_YOUR GOAL_
Would you copy each line of the data below that has "normal"?

-------- DATA EXTRACT --------

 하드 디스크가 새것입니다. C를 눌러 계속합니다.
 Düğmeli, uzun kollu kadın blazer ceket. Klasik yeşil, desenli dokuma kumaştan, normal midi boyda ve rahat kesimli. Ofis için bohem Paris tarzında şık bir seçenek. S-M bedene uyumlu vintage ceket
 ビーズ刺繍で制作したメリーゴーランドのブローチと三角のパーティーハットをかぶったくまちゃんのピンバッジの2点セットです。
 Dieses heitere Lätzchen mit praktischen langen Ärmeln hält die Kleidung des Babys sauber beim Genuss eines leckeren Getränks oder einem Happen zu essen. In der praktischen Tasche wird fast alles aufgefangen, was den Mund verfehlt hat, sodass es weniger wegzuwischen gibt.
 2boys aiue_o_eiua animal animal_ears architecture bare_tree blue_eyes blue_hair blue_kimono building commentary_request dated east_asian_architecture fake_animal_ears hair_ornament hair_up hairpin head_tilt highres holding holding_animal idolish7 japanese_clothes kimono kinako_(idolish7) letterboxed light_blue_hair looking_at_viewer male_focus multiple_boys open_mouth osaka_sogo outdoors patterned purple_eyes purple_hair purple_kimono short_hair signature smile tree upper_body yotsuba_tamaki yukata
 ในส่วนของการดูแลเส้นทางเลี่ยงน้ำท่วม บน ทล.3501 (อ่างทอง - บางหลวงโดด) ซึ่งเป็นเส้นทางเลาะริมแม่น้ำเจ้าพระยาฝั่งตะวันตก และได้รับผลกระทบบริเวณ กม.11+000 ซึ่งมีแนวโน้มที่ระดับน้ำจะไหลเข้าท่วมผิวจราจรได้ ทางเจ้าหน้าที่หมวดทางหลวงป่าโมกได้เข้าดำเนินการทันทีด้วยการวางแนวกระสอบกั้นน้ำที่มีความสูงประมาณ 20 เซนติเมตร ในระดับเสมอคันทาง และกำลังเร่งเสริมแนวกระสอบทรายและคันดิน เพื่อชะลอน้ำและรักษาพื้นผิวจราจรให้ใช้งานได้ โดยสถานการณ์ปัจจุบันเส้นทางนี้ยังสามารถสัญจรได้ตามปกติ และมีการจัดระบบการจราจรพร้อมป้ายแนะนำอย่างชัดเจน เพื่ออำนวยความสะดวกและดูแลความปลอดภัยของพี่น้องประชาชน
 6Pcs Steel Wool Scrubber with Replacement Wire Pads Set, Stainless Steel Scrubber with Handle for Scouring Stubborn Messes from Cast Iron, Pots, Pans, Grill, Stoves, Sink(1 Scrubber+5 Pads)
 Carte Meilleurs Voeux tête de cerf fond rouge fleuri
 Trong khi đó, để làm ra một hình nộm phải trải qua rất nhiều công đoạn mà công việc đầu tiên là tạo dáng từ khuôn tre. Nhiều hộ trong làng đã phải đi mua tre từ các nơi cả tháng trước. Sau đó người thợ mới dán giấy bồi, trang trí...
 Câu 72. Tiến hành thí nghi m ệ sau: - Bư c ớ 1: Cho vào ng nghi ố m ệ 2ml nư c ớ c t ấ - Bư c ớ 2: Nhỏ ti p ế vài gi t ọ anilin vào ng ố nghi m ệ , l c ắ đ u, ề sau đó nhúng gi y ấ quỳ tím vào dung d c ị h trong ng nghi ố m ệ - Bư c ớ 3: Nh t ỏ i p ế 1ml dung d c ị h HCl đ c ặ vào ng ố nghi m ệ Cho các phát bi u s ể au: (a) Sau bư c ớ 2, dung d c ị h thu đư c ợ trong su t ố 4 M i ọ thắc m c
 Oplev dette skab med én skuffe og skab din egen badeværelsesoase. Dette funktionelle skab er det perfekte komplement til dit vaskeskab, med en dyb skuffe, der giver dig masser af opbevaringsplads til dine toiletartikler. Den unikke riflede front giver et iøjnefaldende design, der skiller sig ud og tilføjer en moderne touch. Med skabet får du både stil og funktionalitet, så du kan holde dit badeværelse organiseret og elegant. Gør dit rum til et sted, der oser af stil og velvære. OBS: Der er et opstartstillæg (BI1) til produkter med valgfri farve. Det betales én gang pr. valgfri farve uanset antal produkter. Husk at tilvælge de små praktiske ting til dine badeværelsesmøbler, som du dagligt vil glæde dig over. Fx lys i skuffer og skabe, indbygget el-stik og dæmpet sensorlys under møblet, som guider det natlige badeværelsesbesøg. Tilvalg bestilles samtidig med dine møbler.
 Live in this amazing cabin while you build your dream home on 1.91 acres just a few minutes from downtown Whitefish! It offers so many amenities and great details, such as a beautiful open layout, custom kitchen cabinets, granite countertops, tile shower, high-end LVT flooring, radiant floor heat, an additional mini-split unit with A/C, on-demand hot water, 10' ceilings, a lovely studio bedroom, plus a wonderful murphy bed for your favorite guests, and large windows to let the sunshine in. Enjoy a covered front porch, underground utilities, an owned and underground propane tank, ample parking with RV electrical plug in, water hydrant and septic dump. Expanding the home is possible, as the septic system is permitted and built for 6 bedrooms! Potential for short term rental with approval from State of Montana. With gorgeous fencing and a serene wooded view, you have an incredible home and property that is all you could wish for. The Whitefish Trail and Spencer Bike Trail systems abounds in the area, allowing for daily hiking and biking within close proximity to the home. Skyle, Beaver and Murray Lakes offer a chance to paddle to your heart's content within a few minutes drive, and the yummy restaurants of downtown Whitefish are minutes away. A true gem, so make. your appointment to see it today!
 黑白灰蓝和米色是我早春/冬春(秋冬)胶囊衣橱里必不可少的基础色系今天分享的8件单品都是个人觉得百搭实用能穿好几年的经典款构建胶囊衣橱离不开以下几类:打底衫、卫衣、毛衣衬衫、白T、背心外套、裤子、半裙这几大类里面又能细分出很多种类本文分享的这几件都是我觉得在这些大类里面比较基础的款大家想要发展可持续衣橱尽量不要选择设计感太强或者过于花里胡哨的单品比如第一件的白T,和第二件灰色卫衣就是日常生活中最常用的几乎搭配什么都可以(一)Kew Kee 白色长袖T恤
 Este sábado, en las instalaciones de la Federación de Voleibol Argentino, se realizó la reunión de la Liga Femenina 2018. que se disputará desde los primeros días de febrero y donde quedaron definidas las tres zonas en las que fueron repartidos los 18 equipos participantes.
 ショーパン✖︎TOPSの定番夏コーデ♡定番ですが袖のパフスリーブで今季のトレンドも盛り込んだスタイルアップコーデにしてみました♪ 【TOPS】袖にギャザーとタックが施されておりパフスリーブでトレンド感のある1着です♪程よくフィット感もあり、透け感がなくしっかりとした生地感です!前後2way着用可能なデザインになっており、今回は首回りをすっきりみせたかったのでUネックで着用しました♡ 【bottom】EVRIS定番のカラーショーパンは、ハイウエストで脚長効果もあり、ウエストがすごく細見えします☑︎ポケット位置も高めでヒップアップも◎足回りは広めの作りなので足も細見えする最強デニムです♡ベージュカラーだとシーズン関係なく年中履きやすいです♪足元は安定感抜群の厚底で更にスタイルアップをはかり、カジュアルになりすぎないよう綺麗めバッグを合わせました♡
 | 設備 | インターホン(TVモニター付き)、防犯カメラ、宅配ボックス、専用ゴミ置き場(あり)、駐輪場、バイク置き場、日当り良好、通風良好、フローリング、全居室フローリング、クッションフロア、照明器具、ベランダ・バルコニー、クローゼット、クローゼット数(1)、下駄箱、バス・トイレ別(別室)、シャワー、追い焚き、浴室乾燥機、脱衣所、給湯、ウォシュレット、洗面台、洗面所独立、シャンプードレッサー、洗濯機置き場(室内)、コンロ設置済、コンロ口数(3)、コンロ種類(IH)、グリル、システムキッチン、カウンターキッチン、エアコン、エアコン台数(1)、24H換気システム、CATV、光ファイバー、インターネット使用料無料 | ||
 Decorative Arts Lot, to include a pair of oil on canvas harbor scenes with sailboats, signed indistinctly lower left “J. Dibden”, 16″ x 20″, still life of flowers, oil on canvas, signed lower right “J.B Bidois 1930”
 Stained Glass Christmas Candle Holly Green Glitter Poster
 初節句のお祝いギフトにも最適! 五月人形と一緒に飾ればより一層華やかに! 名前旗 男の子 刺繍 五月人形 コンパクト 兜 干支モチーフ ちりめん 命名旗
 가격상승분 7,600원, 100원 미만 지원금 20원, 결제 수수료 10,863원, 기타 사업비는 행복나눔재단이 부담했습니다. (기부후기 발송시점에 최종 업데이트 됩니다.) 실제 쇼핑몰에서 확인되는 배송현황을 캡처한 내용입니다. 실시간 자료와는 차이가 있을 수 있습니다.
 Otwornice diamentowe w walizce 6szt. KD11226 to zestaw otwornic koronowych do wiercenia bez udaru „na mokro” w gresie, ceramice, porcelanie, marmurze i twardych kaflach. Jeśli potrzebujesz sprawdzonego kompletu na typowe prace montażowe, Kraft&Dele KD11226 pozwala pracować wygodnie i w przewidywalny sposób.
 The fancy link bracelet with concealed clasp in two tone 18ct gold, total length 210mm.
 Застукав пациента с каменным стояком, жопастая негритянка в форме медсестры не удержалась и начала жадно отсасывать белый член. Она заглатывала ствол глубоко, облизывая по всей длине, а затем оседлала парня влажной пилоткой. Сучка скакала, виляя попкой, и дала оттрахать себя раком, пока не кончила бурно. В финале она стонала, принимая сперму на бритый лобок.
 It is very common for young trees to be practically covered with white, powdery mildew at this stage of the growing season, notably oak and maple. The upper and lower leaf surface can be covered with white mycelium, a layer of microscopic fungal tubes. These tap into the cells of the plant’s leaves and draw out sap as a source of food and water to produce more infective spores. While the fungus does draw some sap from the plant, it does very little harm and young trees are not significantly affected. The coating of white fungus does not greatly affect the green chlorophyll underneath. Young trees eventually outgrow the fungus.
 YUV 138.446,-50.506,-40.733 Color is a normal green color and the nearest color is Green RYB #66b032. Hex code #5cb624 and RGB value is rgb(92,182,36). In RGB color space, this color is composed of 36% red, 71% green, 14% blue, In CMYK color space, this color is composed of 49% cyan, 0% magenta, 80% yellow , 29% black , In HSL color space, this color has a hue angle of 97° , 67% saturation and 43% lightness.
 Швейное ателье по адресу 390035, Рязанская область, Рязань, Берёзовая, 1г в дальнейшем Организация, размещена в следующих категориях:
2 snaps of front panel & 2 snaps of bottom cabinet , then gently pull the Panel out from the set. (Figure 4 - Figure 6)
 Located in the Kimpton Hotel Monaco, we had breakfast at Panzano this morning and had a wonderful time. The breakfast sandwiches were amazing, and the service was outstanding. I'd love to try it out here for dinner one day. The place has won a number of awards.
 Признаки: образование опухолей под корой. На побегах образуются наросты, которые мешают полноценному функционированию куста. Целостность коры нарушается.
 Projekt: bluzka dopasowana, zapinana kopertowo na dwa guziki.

--------

_ANSWER_
 Düğmeli, uzun kollu kadın blazer ceket. Klasik yeşil, desenli dokuma kumaştan, normal midi boyda ve rahat kesimli. Ofis için bohem Paris tarzında şık bir seçenek. S-M bedene uyumlu vintage ceket
 YUV 138.446,-50.506,-40.733 Color is a normal green color and the nearest color is Green RYB #66b032. Hex code #5cb624 and RGB value is rgb(92,182,36). In RGB color space, this color is composed of 36% red, 71% green, 14% blue, In CMYK color space, this color is composed of 49% cyan, 0% magenta, 80% yellow , 29% black , In HSL color space, this color has a hue angle of 97° , 67% saturation and 43% lightness.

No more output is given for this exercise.